THE IMPORTANCE OF HOPE

July 17, 2020

In his election night speech in 2008, Barack Obama stood in front of tens of thousands in Chicago and spoke about the need for unity, for progress, for a better tomorrow, and said, “While we breathe, we hope.”

Hope is a fascinating idea. It’s rooted in intention, rooted in optimism that we can, and should, look forward to what’s coming. Hope is relentlessly positive, and supremely forward-thinking.

This year, 2020, is about as sucky as it gets. Millions out of work, millions sick, way too many who’ve died. And while we’re tired of COVID-19, and tired of wearing masks, it seems as if the disease is hardly tired of us. So while 2020 has given us very little reason for optimism, looking forward to what’s ahead doesn’t look much brighter, ether.

But while we breathe, we hope. We need things to look forward to. We need to, taking every safety measure necessary to silence this pandemic, find that relentless positivity, find reasons to be optimistic and find things to look forward to.

There have been a handful of moments since March when I’ve broken. The most indelible memory was the Monday before the North Carolina shutdown, when I was typing on these very pages and trying to share a message of hope and resilience for what was about to come. And after some 1,000 words, I accidentally deleted my post. In all my years writing Journals, and in my 5 years as a journalist, I had never just deleted something as I typed the final period. I was sitting in our “new” office we no longer have, across from Andrew and Dora, and basically broke into tears. I was trying to find hope, trying to project a reason to remain optimistic while everything was going the other way. I was swimming upstream and, just when I saw the finish, I was sucked back down. I closed my computer, buried my head into my hands and started to cry.

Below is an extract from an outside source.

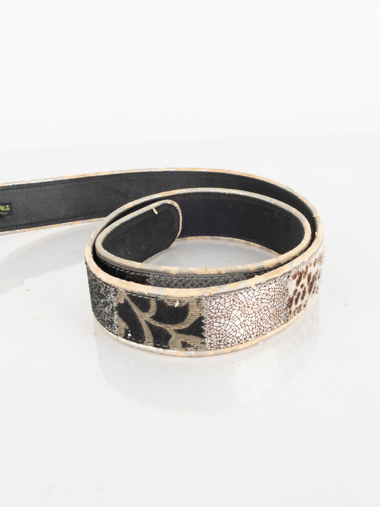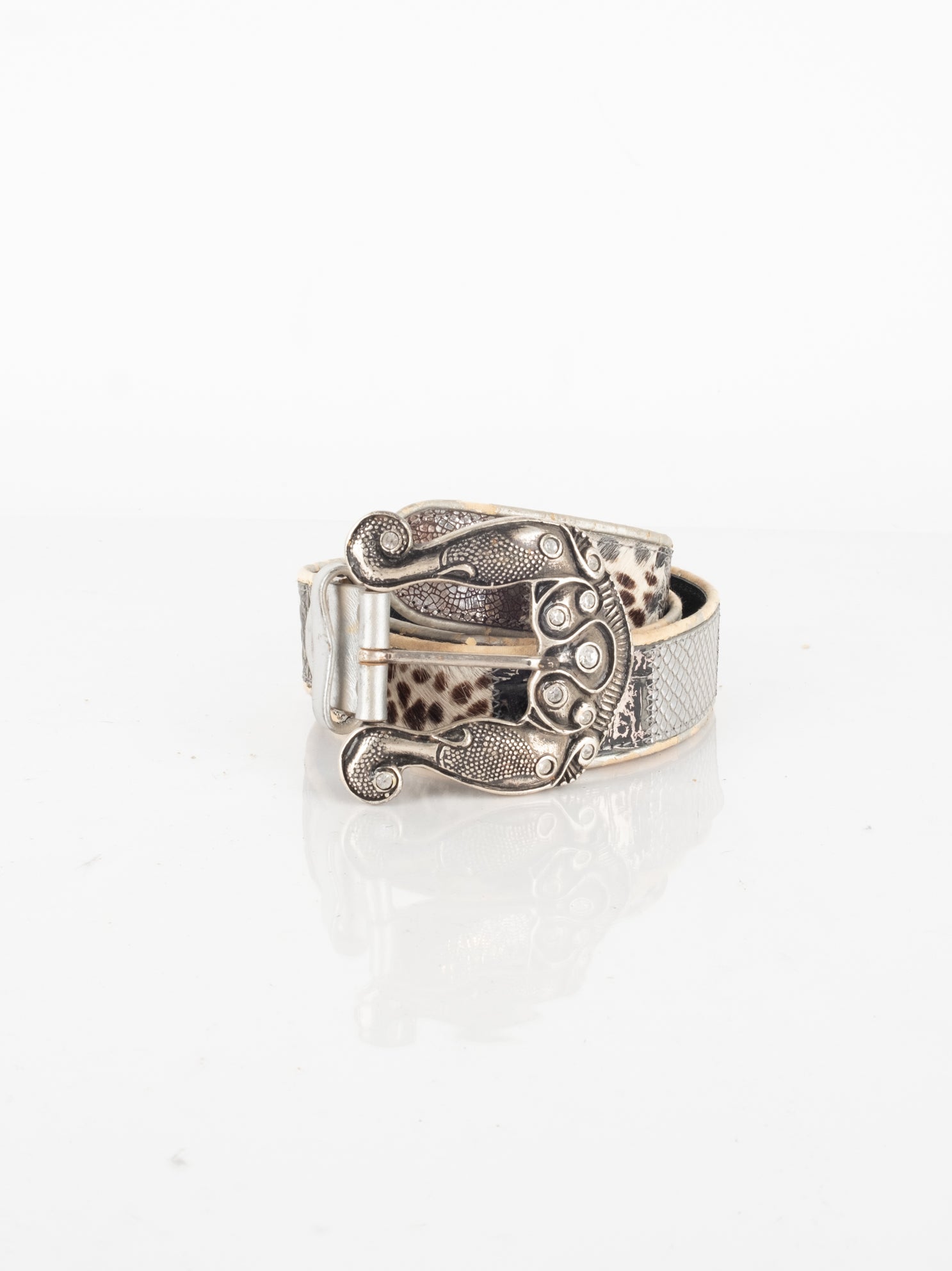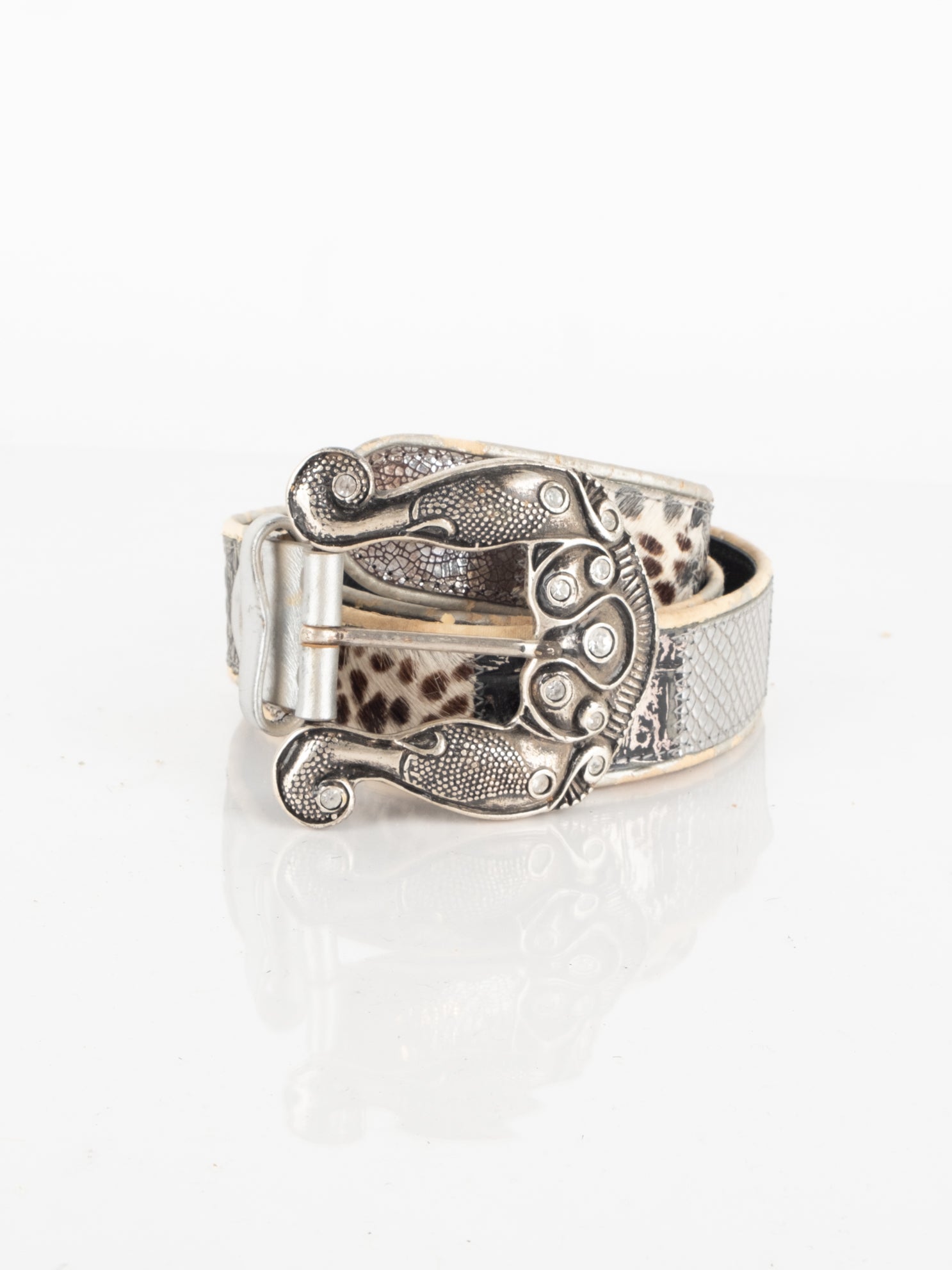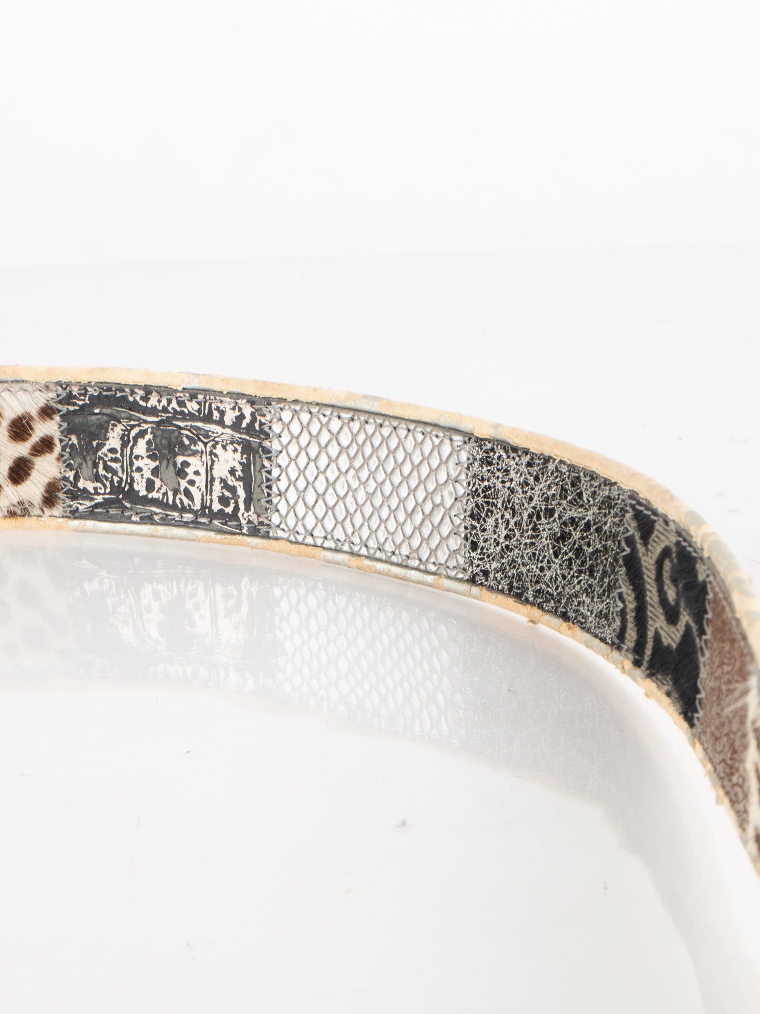 חגורה העשוי מעור בשילוב של פרווה ודיטיילים כסופים.

That moment wasn’t about losing 1,000 words. It was about losing hope, about recognizing something fading away from me that is at the core of who I am, of who Summit is. It took me a few hours to bounce back, but that moment, that erasure of my hope, lingered for weeks even while we fought to stay alive.

It’s becoming clearer by the day that hope isn’t just going to reappear. People are broken, scared, anxious about the economy and their health and the school year and their jobs and so much more. Hope takes action, it takes intention. And Summit is making an active choice to not only be hopeful, but provide hope.

This Friday morning, Olivia and Dora are down in Charlotte’s NoDa neighborhood to give away cups of coffee, say hello to our new community, and offer people a moment of some optimistic normalcy. As if to say, we’re still coming to town, to provide you this small thing to look forward to every day. Hope.

Broadening that approach explains why, in a summer where we’re still working from home and still unsure when customers can gather in our cafés, we’re still opening more. NoDa is next, and we have #5 lined up, too (surprise announcement coming soon!).

Much has been written about how the big corporations — Starbucks, Walmart, Amazon — are going to fatten their bellies a bit during this economic shift. Small businesses are going to close, because the average 3-weeks cash flow that most hold onto isn’t enough to survive months of revenue shortages. Because of this, we believe, there’s an added importance for companies who prioritize living wages, and sustainable sourcing, and social justice. For companies like Summit.

We want to provide hope to towns, to communities, that not all small businesses are going away. We want to provide hope to our Summit team that not only are your jobs safe, we’re creating more of them, and even better jobs. There’s good reason to have hope that Summit is growing, and that growth itself brings myriad other reasons to hope.

Hope isn’t blind. We know it’s risky, to swim upstream with no idea what conditions are going to be like when you get there. But hope is an intention for something great to happen, to help provide meaning to the now and something to look forward to.

In 2008, at the very outset of the worst economic crisis in a century, Barack Obama trumpeted the need for hope, that if we unite in the pursuit of a better future, we’ll come out at the other end. He trumpeted the idea of hope when it was so hard to see.

In 2020, we’re not trying to unite a world, but rather provide hope to our worlds. We fundamentally believe that more Summit cafés means richer communities, more opportunities to make a positive impact, more reason to remain hopeful. We’re more motivated than ever in our 22 years to grow, and more optimistic than ever that conditions have aligned for us to succeed, giving us all the motivation we need to look forward, to hope.